[Start of section]

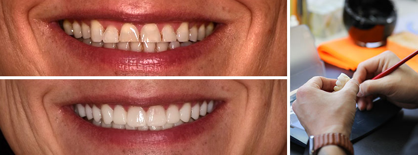 Aesthetic evaluation of you with your temporary veneers. You live with your temporary veneers for 2 weeks while our Master Ceramist fine tunes and sculpts your new smile.
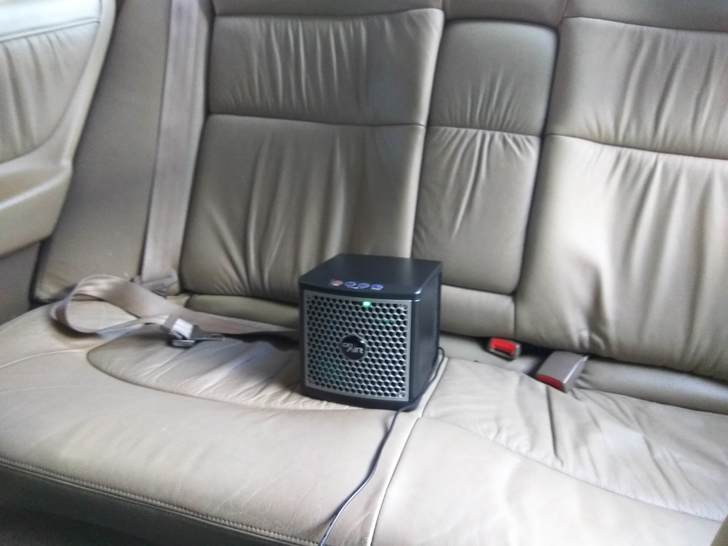 ▲Dr.Air Q Cube INT-25選配的車用供電器線長較短,僅能放置後座,理想的位置應置在後方玻璃旁。但依然有空氣淨化效果,畢竟車內承受高溫與外邊的排放癈氣,更需要淨化一下。車內有人時,建議還是綠燈消毒模式為佳。
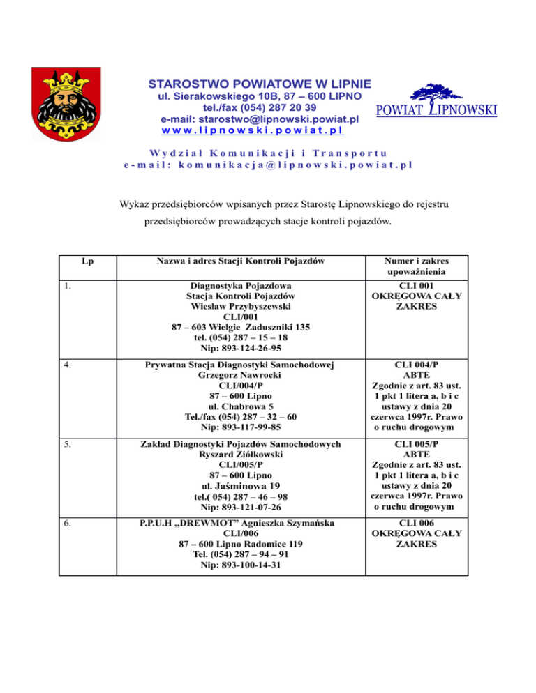 STAROSTWO POWIATOWE W LIPNIE ul. Sierakowskiego 10B, 87 – 600 LIPNO tel./fax (054) 287 20 39 e-mail: [email protected] www.lipnowski.powiat.pl Wy d z i a ł K o m u n i k a c j i i Tr a n s p o r t u e-mail: [email protected] Wykaz przedsiębiorców wpisanych przez Starostę Lipnowskiego do rejestru przedsiębiorców prowadzących stacje kontroli pojazdów. Lp Nazwa i adres Stacji Kontroli Pojazdów Numer i zakres upoważnienia 1. Diagnostyka Pojazdowa Stacja Kontroli Pojazdów Wiesław Przybyszewski CLI/001 87 – 603 Wielgie Zaduszniki 135 tel. (054) 287 – 15 – 18 Nip: 893-124-26-95 CLI 001 OKRĘGOWA CAŁY ZAKRES 4. Prywatna Stacja Diagnostyki Samochodowej Grzegorz Nawrocki CLI/004/P 87 – 600 Lipno ul. Chabrowa 5 Tel./fax (054) 287 – 32 – 60 Nip: 893-117-99-85 CLI 004/P ABTE Zgodnie z art. 83 ust. 1 pkt 1 litera a, b i c ustawy z dnia 20 czerwca 1997r. Prawo o ruchu drogowym 5. Zakład Diagnostyki Pojazdów Samochodowych Ryszard Ziółkowski CLI/005/P 87 – 600 Lipno ul. Jaśminowa 19 tel.( 054) 287 – 46 – 98 Nip: 893-121-07-26 CLI 005/P ABTE Zgodnie z art. 83 ust. 1 pkt 1 litera a, b i c ustawy z dnia 20 czerwca 1997r. Prawo o ruchu drogowym 6. P.P.U.H ,,DREWMOT” Agnieszka Szymańska CLI/006 87 – 600 Lipno Radomice 119 Tel. (054) 287 – 94 – 91 Nip: 893-100-14-31 CLI 006 OKRĘGOWA CAŁY ZAKRES 7. P.U.H. ROM – MAR Roman Krygier, Marek Szymański CLI/008/P 87 – 600 Lipno, ul. Wyszyńskiego 46 Nip:466-036-47-79 tel. 664846222 8. PHU SOJAR A.A.J. Romanowscy Spółka Jawna CLI 009 87-620 Kikół, Lubin 90 Nip: 892-13-89-623 tel. 54 444 02 71 CLI008/P ABTE Zgodnie z art. 83 ust. 1 pkt 1 litera a, b i c ustawy z dnia 20 czerwca 1997r. Prawo o ruchu drogowym CLI009 OKRĘGOWA CAŁY ZAKRES 9. „NEVADA – BIS” Stella Podkowska CLI/010 87 – 630 Skępe, ul. Klasztorna Nip: 7742377643 tel. 054 287 76 94 CLI010 OKRĘGOWA CAŁY ZAKRES 10. Ryszard Ziółkowski Zakład Diagnostyki Pojazdów Samochodowych CLI011 OKRĘGOWA CAŁY ZAKRES CLI011 87 – 605 Tłuchowo, ul. Leśna 18/2 8931210726 tel. 54 230 40 31 11. KR MOTO Spółka z Ograniczona Odpowiedzialnością CLI012 87 – 610 Dobrzyń nad Wisłą, ul. Królowej Jadwigi 2a Nip: 4660418044 CLI012 OKRĘGOWA CAŁY ZAKRES tel. 54 253 12 12 OBJAŚNIENIA: Symbole rodzajów pojazdów: A - motocykle i motorowery, B - pojazdy samochodowe o dopuszczalnej masie całkowitej do 3,5 t, z wyłączeniem motocykli i motorowerów, C - pojazdy samochodowe o dopuszczalnej masie całkowitej powyżej 3,5 t do 16 t lub CC - pojazdy samochodowe o dopuszczalnej masie całkowitej powyżej 3,5 t, D - autobusy o dopuszczalnej masie całkowitej powyżej 3,5 t, T - ciągniki rolnicze, E - przyczepy przeznaczone do łączenia z pojazdami silnikowymi, do których jest upoważniona stacja kontroli pojazdów. Symbole rodzajów badań: a - autobusów, których dopuszczalna prędkość na autostradzie i drodze ekspresowej wynosi 100 km/h, c - pojazdów przystosowanych do zasilania gazem, d - pojazdów zarejestrowanych po raz pierwszy za granicą lub pojazdów nowego typu wyprodukowanych lub importowanych w ilości jednej sztuki rocznie, e - pojazdów skierowanych na badania techniczne przez organ kontroli ruchu drogowego lub starostę, dla których wymagane jest specjalistyczne badanie, oraz pojazdów, w których dokonano zmian konstrukcyjnych lub wymiany elementów powodujących zmianę danych w dowodzie rejestracyjnym, f - pojazdu marki "SAM" co do zgodności z warunkami technicznymi, h - umieszczanie nadanych cech identyfikacyjnych pojazdu.

[End of section]

» How to complete this task
Transcribe each line above verbatim, with the pictures left out.

» Solution to the problem
 Aesthetic evaluation of you with your temporary veneers. You live with your temporary veneers for 2 weeks while our Master Ceramist fine tunes and sculpts your new smile.
 ▲Dr.Air Q Cube INT-25選配的車用供電器線長較短,僅能放置後座,理想的位置應置在後方玻璃旁。但依然有空氣淨化效果,畢竟車內承受高溫與外邊的排放癈氣,更需要淨化一下。車內有人時,建議還是綠燈消毒模式為佳。
 STAROSTWO POWIATOWE W LIPNIE ul. Sierakowskiego 10B, 87 – 600 LIPNO tel./fax (054) 287 20 39 e-mail: [email protected] www.lipnowski.powiat.pl Wy d z i a ł K o m u n i k a c j i i Tr a n s p o r t u e-mail: [email protected] Wykaz przedsiębiorców wpisanych przez Starostę Lipnowskiego do rejestru przedsiębiorców prowadzących stacje kontroli pojazdów. Lp Nazwa i adres Stacji Kontroli Pojazdów Numer i zakres upoważnienia 1. Diagnostyka Pojazdowa Stacja Kontroli Pojazdów Wiesław Przybyszewski CLI/001 87 – 603 Wielgie Zaduszniki 135 tel. (054) 287 – 15 – 18 Nip: 893-124-26-95 CLI 001 OKRĘGOWA CAŁY ZAKRES 4. Prywatna Stacja Diagnostyki Samochodowej Grzegorz Nawrocki CLI/004/P 87 – 600 Lipno ul. Chabrowa 5 Tel./fax (054) 287 – 32 – 60 Nip: 893-117-99-85 CLI 004/P ABTE Zgodnie z art. 83 ust. 1 pkt 1 litera a, b i c ustawy z dnia 20 czerwca 1997r. Prawo o ruchu drogowym 5. Zakład Diagnostyki Pojazdów Samochodowych Ryszard Ziółkowski CLI/005/P 87 – 600 Lipno ul. Jaśminowa 19 tel.( 054) 287 – 46 – 98 Nip: 893-121-07-26 CLI 005/P ABTE Zgodnie z art. 83 ust. 1 pkt 1 litera a, b i c ustawy z dnia 20 czerwca 1997r. Prawo o ruchu drogowym 6. P.P.U.H ,,DREWMOT” Agnieszka Szymańska CLI/006 87 – 600 Lipno Radomice 119 Tel. (054) 287 – 94 – 91 Nip: 893-100-14-31 CLI 006 OKRĘGOWA CAŁY ZAKRES 7. P.U.H. ROM – MAR Roman Krygier, Marek Szymański CLI/008/P 87 – 600 Lipno, ul. Wyszyńskiego 46 Nip:466-036-47-79 tel. 664846222 8. PHU SOJAR A.A.J. Romanowscy Spółka Jawna CLI 009 87-620 Kikół, Lubin 90 Nip: 892-13-89-623 tel. 54 444 02 71 CLI008/P ABTE Zgodnie z art. 83 ust. 1 pkt 1 litera a, b i c ustawy z dnia 20 czerwca 1997r. Prawo o ruchu drogowym CLI009 OKRĘGOWA CAŁY ZAKRES 9. „NEVADA – BIS” Stella Podkowska CLI/010 87 – 630 Skępe, ul. Klasztorna Nip: 7742377643 tel. 054 287 76 94 CLI010 OKRĘGOWA CAŁY ZAKRES 10. Ryszard Ziółkowski Zakład Diagnostyki Pojazdów Samochodowych CLI011 OKRĘGOWA CAŁY ZAKRES CLI011 87 – 605 Tłuchowo, ul. Leśna 18/2 8931210726 tel. 54 230 40 31 11. KR MOTO Spółka z Ograniczona Odpowiedzialnością CLI012 87 – 610 Dobrzyń nad Wisłą, ul. Królowej Jadwigi 2a Nip: 4660418044 CLI012 OKRĘGOWA CAŁY ZAKRES tel. 54 253 12 12 OBJAŚNIENIA: Symbole rodzajów pojazdów: A - motocykle i motorowery, B - pojazdy samochodowe o dopuszczalnej masie całkowitej do 3,5 t, z wyłączeniem motocykli i motorowerów, C - pojazdy samochodowe o dopuszczalnej masie całkowitej powyżej 3,5 t do 16 t lub CC - pojazdy samochodowe o dopuszczalnej masie całkowitej powyżej 3,5 t, D - autobusy o dopuszczalnej masie całkowitej powyżej 3,5 t, T - ciągniki rolnicze, E - przyczepy przeznaczone do łączenia z pojazdami silnikowymi, do których jest upoważniona stacja kontroli pojazdów. Symbole rodzajów badań: a - autobusów, których dopuszczalna prędkość na autostradzie i drodze ekspresowej wynosi 100 km/h, c - pojazdów przystosowanych do zasilania gazem, d - pojazdów zarejestrowanych po raz pierwszy za granicą lub pojazdów nowego typu wyprodukowanych lub importowanych w ilości jednej sztuki rocznie, e - pojazdów skierowanych na badania techniczne przez organ kontroli ruchu drogowego lub starostę, dla których wymagane jest specjalistyczne badanie, oraz pojazdów, w których dokonano zmian konstrukcyjnych lub wymiany elementów powodujących zmianę danych w dowodzie rejestracyjnym, f - pojazdu marki "SAM" co do zgodności z warunkami technicznymi, h - umieszczanie nadanych cech identyfikacyjnych pojazdu.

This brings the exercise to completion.